(Items from a dataset)
+-------+

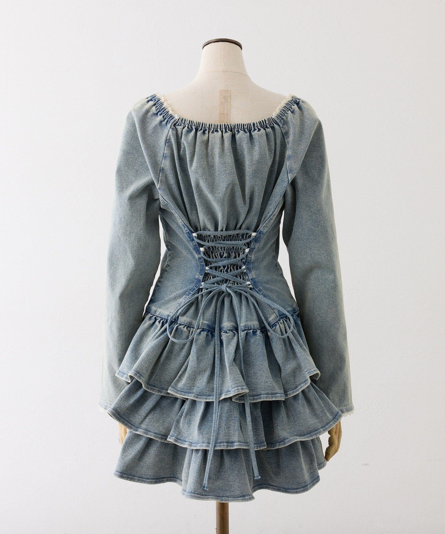 後ろはレースアップ仕様で、シルエットをきれいに見せつつさりげなくスタイルアップ♡
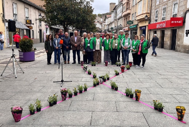 Membros do Equipo de Goberno e da Asociación Española Contra o Cancro reivindicaron a importancia da investigación contra este tipo de cancro cunha ofrenda floral na rúa Cardeal.
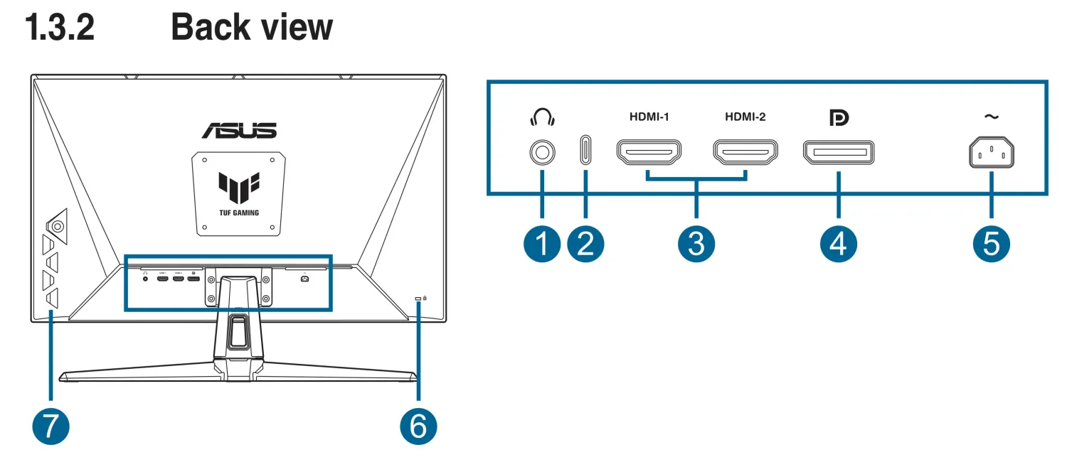1x DisplayPort 1.4 (300Hz@2560x1440), 2x HDMI 2.1 (300Hz@2560x1440), 1x USB-C (Service Anschluss), 1x 3.5mm Klinke Line-Out, 1x AC-In C14 (Netzanschluss) |
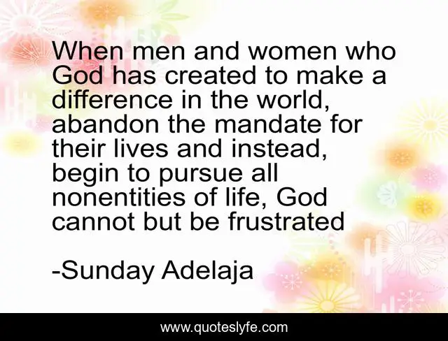 This page presents the quote "When men and women who God has created to make a difference in the world, abandon the mandate for their lives and instead, begin to pursue all nonentities of life, God cannot but be frustrated". Author of this quote is Sunday Adelaja. This quote is about all, difference, world, created, pursue, god, make, life, begin,.
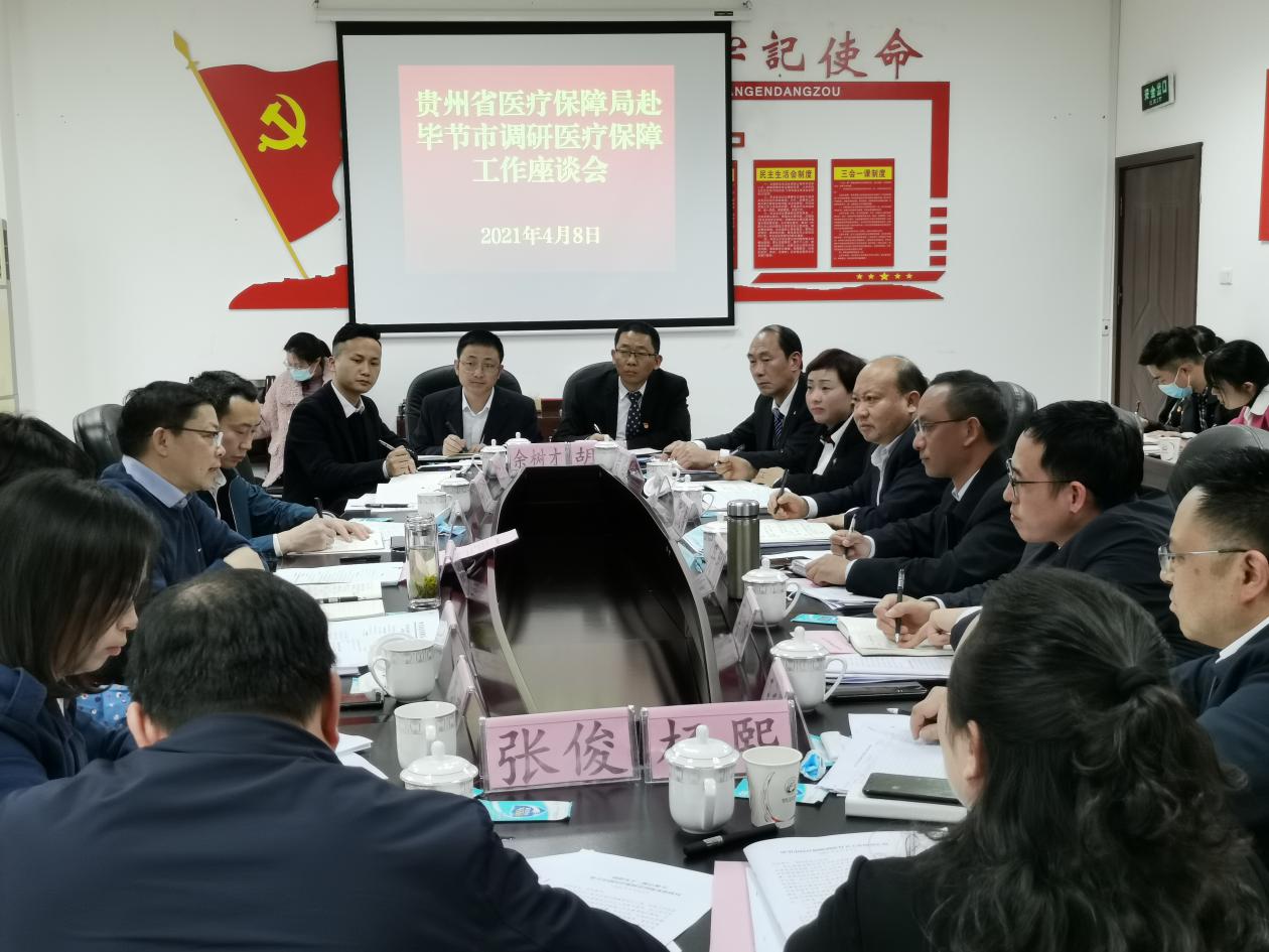 为深入贯彻落实习近平总书记视察贵州重要讲话精神,扎实开展党史学习教育和“牢记殷切嘱托、忠诚干净担当、喜迎建党百年”专题教育,4月8日至9日,省医疗保障局党组书记、局长吕劲松带队赴毕节市开展党史学习教育和“牢记殷切嘱托、忠诚干净担当、喜迎建党百年”专题教育工作调研。省医疗保障局相关负责同志,毕节市及七星关区、黔西县相关负责同志参加。
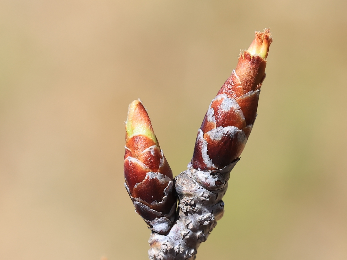 MEMO: 冬芽が膨らみ、先端の黄緑色や紅色がはっきり見える状態ですが、 まだ、この状態では2つの冬芽が花芽か葉芽かは判断できません
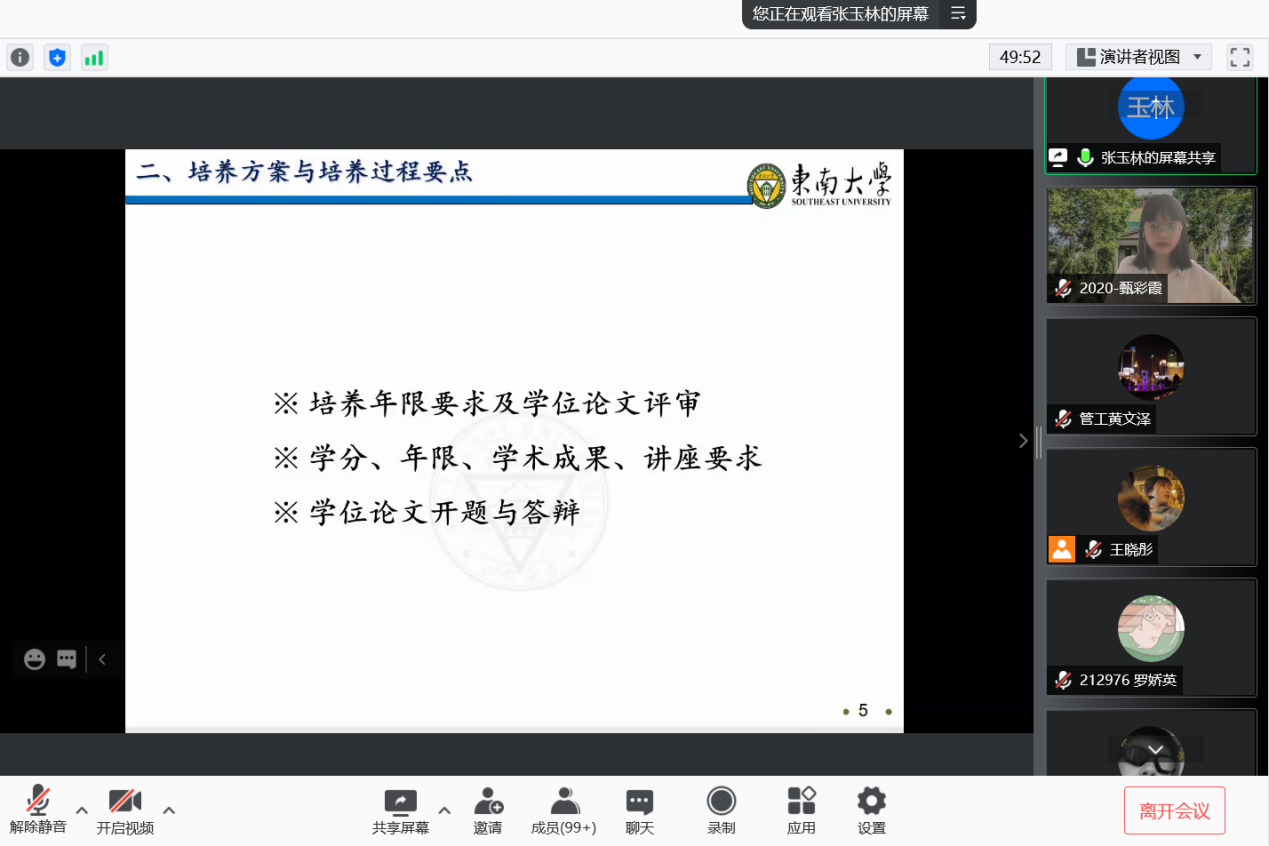 会议最后,硕士研究生新生辅导员王晓彤老师带来研究生日常管理相关工作的介绍。王老师首先通过新生大数据,让大家了解自己所在的新生群体,提升集体荣誉感和使命感。其后,王老师将同学们未来学习生活中的办事流程、学办职能、信息获取方式、党团组织、日常管理等问题一一进行介绍,并提出研究生的科研学习是一项艰巨但充满能量的过程,要敢于面对困难,多和导师、辅导员、课题组同学沟通,要一直相信东大永远是你坚强的后盾。王老师的一席话让同学们对新的生活有了更多的憧憬。

+-------+

• Task requirements
Please, without any pictures, retype the records exactly as they appear.

• The completed task
 後ろはレースアップ仕様で、シルエットをきれいに見せつつさりげなくスタイルアップ♡
 Membros do Equipo de Goberno e da Asociación Española Contra o Cancro reivindicaron a importancia da investigación contra este tipo de cancro cunha ofrenda floral na rúa Cardeal.
1x DisplayPort 1.4 (300Hz@2560x1440), 2x HDMI 2.1 (300Hz@2560x1440), 1x USB-C (Service Anschluss), 1x 3.5mm Klinke Line-Out, 1x AC-In C14 (Netzanschluss) |
 This page presents the quote "When men and women who God has created to make a difference in the world, abandon the mandate for their lives and instead, begin to pursue all nonentities of life, God cannot but be frustrated". Author of this quote is Sunday Adelaja. This quote is about all, difference, world, created, pursue, god, make, life, begin,.
 为深入贯彻落实习近平总书记视察贵州重要讲话精神,扎实开展党史学习教育和“牢记殷切嘱托、忠诚干净担当、喜迎建党百年”专题教育,4月8日至9日,省医疗保障局党组书记、局长吕劲松带队赴毕节市开展党史学习教育和“牢记殷切嘱托、忠诚干净担当、喜迎建党百年”专题教育工作调研。省医疗保障局相关负责同志,毕节市及七星关区、黔西县相关负责同志参加。
 MEMO: 冬芽が膨らみ、先端の黄緑色や紅色がはっきり見える状態ですが、 まだ、この状態では2つの冬芽が花芽か葉芽かは判断できません
 会议最后,硕士研究生新生辅导员王晓彤老师带来研究生日常管理相关工作的介绍。王老师首先通过新生大数据,让大家了解自己所在的新生群体,提升集体荣誉感和使命感。其后,王老师将同学们未来学习生活中的办事流程、学办职能、信息获取方式、党团组织、日常管理等问题一一进行介绍,并提出研究生的科研学习是一项艰巨但充满能量的过程,要敢于面对困难,多和导师、辅导员、课题组同学沟通,要一直相信东大永远是你坚强的后盾。王老师的一席话让同学们对新的生活有了更多的憧憬。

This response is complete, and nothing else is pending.